You request in your letter to be informed whether the preceptorship in Middlebury be vacant. The President called on me after your departure for Windsor to enquire about your care at Windsor whether the prospect was that you would continue there. I suppose his object was to obtain you here should you fail of continuing there. He has now employed Mr. Julius Bingham ¹ as preceptor and has now commenced operations. What the prospect is for a school I do not know. Whether Mr. Bingham will continue here in the capacity of preceptor longer than the quarter, I do not know. I have made no enquiry upon the subject. Should a vacancy happen, I will inform you.

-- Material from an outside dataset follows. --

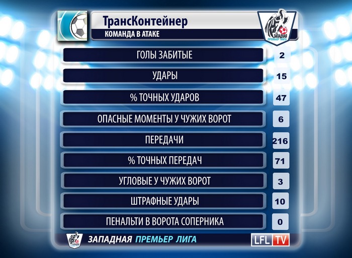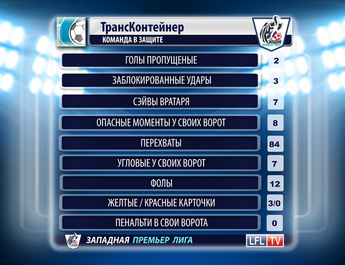Медиа20.04.2018 «ВСТРЕЧАЙ ГОСТЕЙ, РОДНАЯ СЕТУНЬ!» (превью матчей Лиги Чемпионов, Кубка ЛФЛ и 26-ого тура чемпионата) В народе принято говорить: «В гостях хорошо, а дома – лучше». Команды Западной Премьер-лиги ожидают ответных встреч финала Лиги Чемпионов и Кубка ЛФЛ. В грядущие выходные на Сетуни 1 (кто забыл адрес – улица Толбухина, дом 10) состоятся четыре из пяти еврокубковых «ответок», однако после выездных игр первого раунда возникает вопрос: а куда ещё лучше, господа? Подробнее17.04.2016 На прошлой неделе команды с Запада проводили свои первые матчи плей-офф в еврокубках. И сегодня вашему вниманию будет представлена статистику двух команд с Запада. Подробнее07.04.2016 В канун Лиги чемпионов "Восточное время" вновь приходит к вам. Пресс-служба Восточной Лиги вместе с dt group представляют новый выпуск программы о Лиге, шесть клубов которой вошли в число четвертьфиналистов "еврокубков". Подробнее03.04.2016 Сычев пришел, дебютировал и победил. АНАТОМИЯ ИГРЫ. Атлантис - Куркино 6:1. Сегодня в рубрике «анатомия игры» разберем очень интересную игру с участием клуба с Запада в кубке ЛФЛ. Атлантис принимал гостей из Северо-Запада, команду Куркино. В первом матче плей-офф «атланты» уступили 0:4, и в отчетной встрече перед командой Андрея Акименко стояла задача как минимум отыграть этот солидный гандикап, а как максимум сделать разницу больше четырех мячей, чтобы избежать нервотрепки в серии пенальти. Атлантис план выполнил, уложившись в основное время, и теперь идет дальше. Подробнее20.03.2016 АНАТОМИЯ ИГРЫ. Космос - АФК Портер 2:5. Возобновился чемпионат, а вместе с ним возвращается и постоянная рубрика «анатомия игры». Голы пропущенные, голы забитые, передачи, удары в створ и мимо, голевые моменты, сэйвы вратарей – вся подробная статистика будет разобрана на винтики, и представлена для вашего внимания. Подробнее25.12.2015 Восточное время. Спецвыпуск 10 с Артёмом Хачатуряном В каком виде дальше будет существовать «Квазар», за какие команды Востока нынешний спортивный директор армянской «Мики» переживает до сих пор, в чём главные беды и проблемы российского футбола - всё это вы узнаете из беседы Александра Палюткина с Артёмом Хачатуряном в десятом выпуске программы «Восточное время». Подробнее11.12.2015 АНАТОМИЯ ИГРЫ. В программе выходных была встреча, которая на общем фоне выделялась своей вывеской. ФКСП и Барс проводили вынесенный матч 9-го тура, в котором на кону стояла вторая строчка турнирной таблицы. В случае победы, «прокуроры» обгоняли команду Дмитрия Смирнова, сместив «теневого» лидера со своего места. Но этого не произошло. Игра завершилась боевой ничьей, второй подряд за выходные для Барса. А у нас появился повод разобрать, что же всё-таки привело к такому результату. Подробнее15.10.2015 АНАТОМИЯ ИГРЫ. Обойти стороной, и не разобрать по косточкам, встречу двух претендентов на самые высокие места было бы неправильно. Потому вашему вниманию предлагается детальный статистический анализ матча Атлантис – ТрансКонтейнер, прошедший в воскресение в рамках 9-го тура. Подробнее08.10.2015 Сегодня любителям статистики к обзору предлагается матч 8-го тура АФК Портер – Кегли. Как обычно разобрали игру на винтики, дабы разглядеть основные причины итогового превосходства одной команды над другой. Также вашему вниманию для анализа предлагается статистический разрез двух футболист

You have now entered upon a state of “untried being” and you need the council of the wise and the exertion of all your faculties to direct you in the path of prudence and safety. Your mother and myself feel a strong interest in your welfare, and you know I can scarcely conceive the strength and power of a mother’s affection. It is as lasting as life and even extends beyond the grave. We hope that you will cultivate an acquaintance with things of a piritual character. We hope you will try to understand the relations which exist between you and Him who made you for in honoring Him is involved your everlasting good.

Study to make yourself approved in the discharge of all your duties in whatever situation you may be placed. Suffer not any blot or blur to rest upon your moral character. Be ever ready to acknowledge a fault and be quite careful not to furnish any occasion for such acknowledgements. We live in an evil world surrounded by temptations and we must frequently make some sacrifice of feeling and of interest in the discharge of our duties.

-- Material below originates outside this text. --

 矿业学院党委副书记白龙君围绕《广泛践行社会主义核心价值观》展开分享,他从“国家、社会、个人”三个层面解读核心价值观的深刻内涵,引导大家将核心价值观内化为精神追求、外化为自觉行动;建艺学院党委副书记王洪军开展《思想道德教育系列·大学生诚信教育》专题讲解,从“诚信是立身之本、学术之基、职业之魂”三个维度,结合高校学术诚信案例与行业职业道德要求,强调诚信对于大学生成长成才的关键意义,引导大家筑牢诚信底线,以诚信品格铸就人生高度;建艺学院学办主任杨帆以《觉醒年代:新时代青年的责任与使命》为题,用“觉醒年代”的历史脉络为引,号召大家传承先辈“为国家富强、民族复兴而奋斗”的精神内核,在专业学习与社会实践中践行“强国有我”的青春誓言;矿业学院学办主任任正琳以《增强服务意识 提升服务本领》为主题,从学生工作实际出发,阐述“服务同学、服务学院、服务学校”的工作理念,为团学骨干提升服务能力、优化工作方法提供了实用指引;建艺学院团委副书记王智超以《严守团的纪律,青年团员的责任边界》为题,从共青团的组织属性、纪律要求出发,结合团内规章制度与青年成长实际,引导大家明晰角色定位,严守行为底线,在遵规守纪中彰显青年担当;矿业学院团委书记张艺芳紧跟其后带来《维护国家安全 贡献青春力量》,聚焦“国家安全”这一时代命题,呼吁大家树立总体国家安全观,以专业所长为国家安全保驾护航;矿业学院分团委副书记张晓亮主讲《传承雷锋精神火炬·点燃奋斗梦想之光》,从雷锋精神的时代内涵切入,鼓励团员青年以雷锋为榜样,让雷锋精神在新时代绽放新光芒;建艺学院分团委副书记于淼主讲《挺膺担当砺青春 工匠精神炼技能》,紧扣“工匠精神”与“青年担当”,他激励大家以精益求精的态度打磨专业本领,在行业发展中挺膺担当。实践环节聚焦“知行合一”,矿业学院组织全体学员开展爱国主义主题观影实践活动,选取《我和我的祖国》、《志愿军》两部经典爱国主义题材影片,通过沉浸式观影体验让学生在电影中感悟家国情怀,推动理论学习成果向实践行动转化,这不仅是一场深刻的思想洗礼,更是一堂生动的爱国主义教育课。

Religion affords to the sinner his only hope and to the Christian his only ___tation. I hope then, my son, that you will soon make your choice if you have not already made it, to live the life of a Christian and I sincerely hope that you will place your standard of action high above all the blandishments of vice, the fear of man and the corrupting influence of this world’s a____. The great Edmond Burke when dying, appreciated the serenity of worldly renown when he exclaimed, “What are the honors of this world when the cold damp dew of death is falling on my brow.”

I am your affectionate father, — Dorastus Wooster

¹ Julius Fenn Bingham (1819-1914) was the son of Jeremiah and Rhoda (Feen) Bingham of Cornwall, Vermont. He attended Middlebury College from 1841-1844 but did not graduate. He afterwards became a farmer and married Mary E. Woodruff in 1860.